Lecturer: Prof. Dr. Hannah Bast; Tutors: Eugen Sawin and Mirko Brodesser; Number of active participants at the end of the lecture: around 20; Number of evaluation forms returned: 18.
The evaluation form was made availabe to the participants of the course in the second to last lecture. Students were explicitly encouraged to submit the form. There was an additional incentive of 20 points that would replace the points of the weakest exercise sheet (20 points per sheet, 11 sheets in total). Submission was anonymous.
In the following the complete list of all comments given in free-text fields on the evaluation form are given. The comments were copied verbatim, except for a few corrections (wrt orthography, grammar, etc. ... no change of meaning). If you see a comment from yourself which you do not want to appear in this list or if you find a comment that you think was inaccurately transcribed, send an anonymous post (as user evaluation), naming the comment, on the subforum Submission of your evaluation form of our Forum.
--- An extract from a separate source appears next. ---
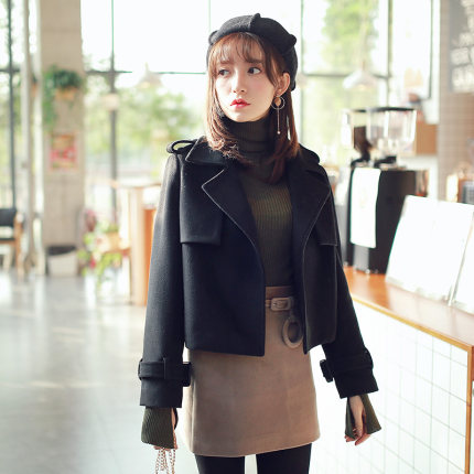 安都 毛呢短外套,经典版型,小个女生最爱,独家磁性暗扣,百搭随意,经典黑白两色可以选择。

The feedback from the evaluation forms was also summarized and discussed (over a period of about twenty minutes) at the beginning of the last lecture (slides, video recording).
A statistic of the "tick"-questions can be found at the end of this page.
Nominations for teaching award (14 out of 18)
Die gute und genaue Darstellung und Erklärung des Stoffs machen jeden Besuch der Veranstaltung zu einem echten Highlight.
Hannah Basts enthusiasm for teaching is really great! The amout of work she invests in the lectures, exercises and answering questions at the forum remains unmatched at this faculty. The teaching system "Daphne" and the other used systems (like Wiki) make lecture and exercises work and feel like one complete package!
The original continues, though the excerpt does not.